Para trás ficava uma Macau colorida pelos sinais âmbar e vermelho de tempestade. A rota estava traçada para o país do sudoeste asiático com sabor francês que faltava.

A caminho do Laos tempo para uma pit-stop estratégica em Ayutthaya, a porta de entrada dos ocidentais na Tailândia, à data Reino do Sião. Da magnificência doutros tempos resta uma cidade descaracterizada, pontuada por templos e ruínas.


De regresso ao poiso da noite anterior tentámos arranjar transporte para a estação ferroviária. As respostas obtidas não primaram pela originalidade, mas surpreenderam: "No tuk tuk. No bus. No walk.", numa tradução livre "Ups!", que isso de praguejar não é de bom tom. É certo e sabido que a sorte protege os audazes e os aflitos. Quis a fortuna que na rua aparentemente deserta um tuk tuk largasse o seu ocupante e o objectivo de embarcar no comboio nocturno para Nong Khai, na fronteira com o Laos, fosse cumprido.
No troço final da viagem os divertidos elementos da tripulação, entre o primor e a paródia, despertavam os passageiros com toques subtis nos dedos dos pés para servir o pequeno-almoço no beliche e com cantares de galo à passagem pela carruagem.
Sentada na soleira da porta escancarada os quentes raios solares cumprimentavam o corpo, a aragem brincava com o meu cabelo e enquanto contemplava a paisagem do velhinho MP3 soava From the morning. Perfeito.


A paisagem do Laos é dominada por densas florestas e plantações de arroz. Circula-se por estradas sinuosas que por vezes parecem ter tirado o molde do solo lunar. Mais hora, menos hora e a horas lá se consegue chegar ao destino. Há várias categorias de transporte disponíveis de acordo com a profundidade dos bolsos de cada um. Os mais comuns são os autocarros públicos, de janelas abertas e sobrelotados, transportam um pouco de tudo, de geradores, a galinhas. Os turistas viajam por norma em minivans ou autocarros VIP equipados com ar condicionado.



Nos destinos mais reconhecidos as tradições parecem ter dado lugar a encenações para turista ver. Em Luang Prabang, a recolha das almas (oferendas de comida aos monges budistas) ganha contornos de espectáculo.



Em Vang Vieng, o critério diferenciador dos restaurantes não é a ementa, nem o preço, mas a série americana de televisão a passar ininterruptamente (um cartel do mais refinado). Só falta o empregado de mesa perguntar: "O que vai desejar para almoço? - Pode ser FriendsFamily Guy fica para o jantar." Senhores do marketing toca a tomar notas. Nas pousadas, restaurantes, que não de rua, e bares, as palavras-passe para aceder ao Wi-Fi estão bem visíveis, e os pacotes turísticos são divulgados amplamente.
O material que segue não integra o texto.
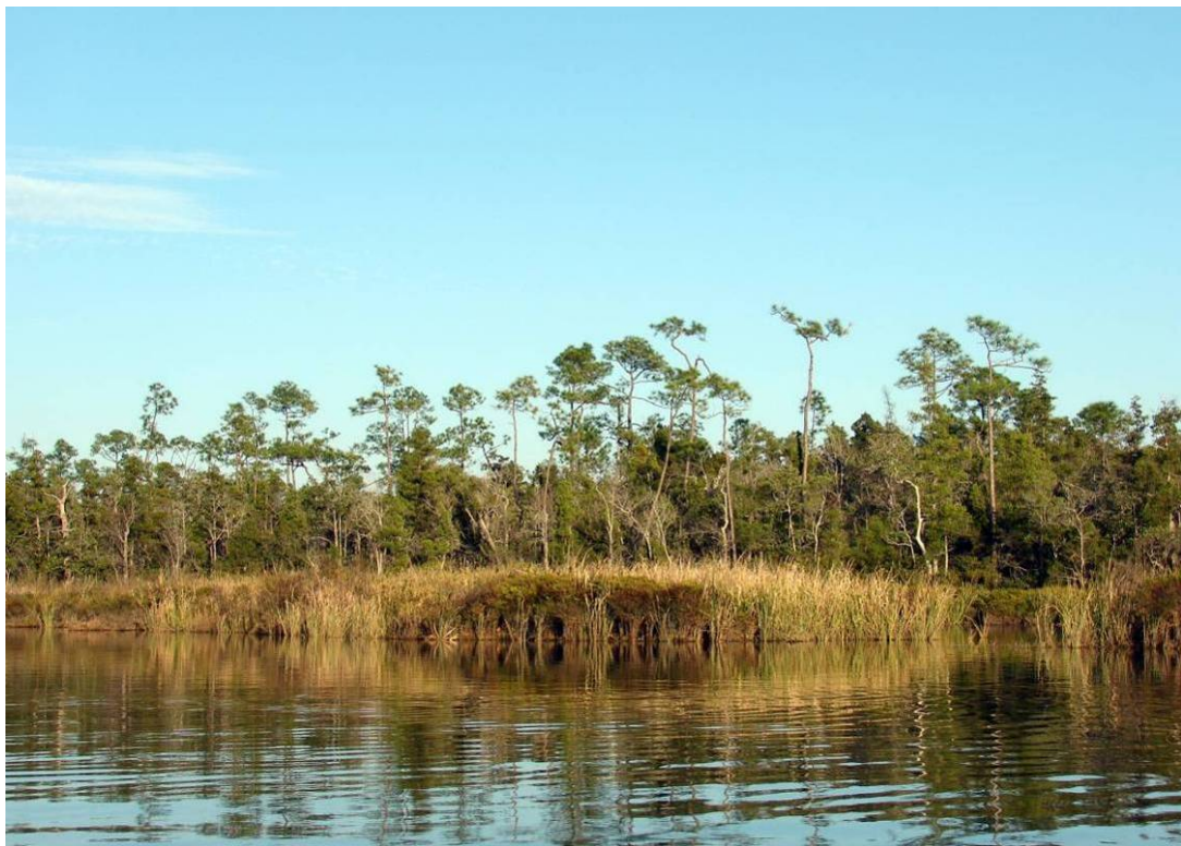
Brewer Tract (Backwater River); 11/17/06; Photo H

Não me interpretem mal, tanto uma cidade como outra têm os seus encantos: da beleza natural das cascatas, lagoas ou grutas, à herança dos Cafés e gastronómica do domínio gaulês - vive la Baguette.

Luang NamTha aproximou-se mais da imagem que tinha do Laos. Num acto de coragem (ou loucura) alugámos bicicletas para explorar os arredores da pequena cidade. Pedalámos sob um sol impiedoso por  caminhos tortuosos. Encontrámos pessoas mais abertas e simpáticas, vimos grupos de crianças a brincarem saudavelmente na água ou a jogar futebol nos campos de arroz. O povo do Laos é pobre, mas não é miserável. No país pratica-se agricultura de subsistência e cada cabana tem os seus animais (galinhas, patos, porcos) que circulam livres pelas aldeias. Nota-se um forte sentido comunitário. Nas pequenas comunidades também se conseguem ver as melhorias nas condições das casas promovidas pela abertura ao turismo.


Confesso que imaginava o Laos de forma diferente. No íntimo, acredito sermos muitos os que nutrem a ideia romântica (e egoísta) do exotismo. Encontrar uma sociedade rural resguardada dos vícios e benefícios da modernidade. Cegos por instantes, esquecemos que todos têm direito ao conforto para além da dignidade. Afinal, "Travel is fatal to prejudice, bigotry, and narrow-mindedness, and many of our people need it sorely on these accounts. Broad, wholesome, charitable views of men and things cannot be acquired by vegetating in one little corner of the earth all one's lifetime". Lição de Mark Twain a ser retida e aplicada sempre que possível.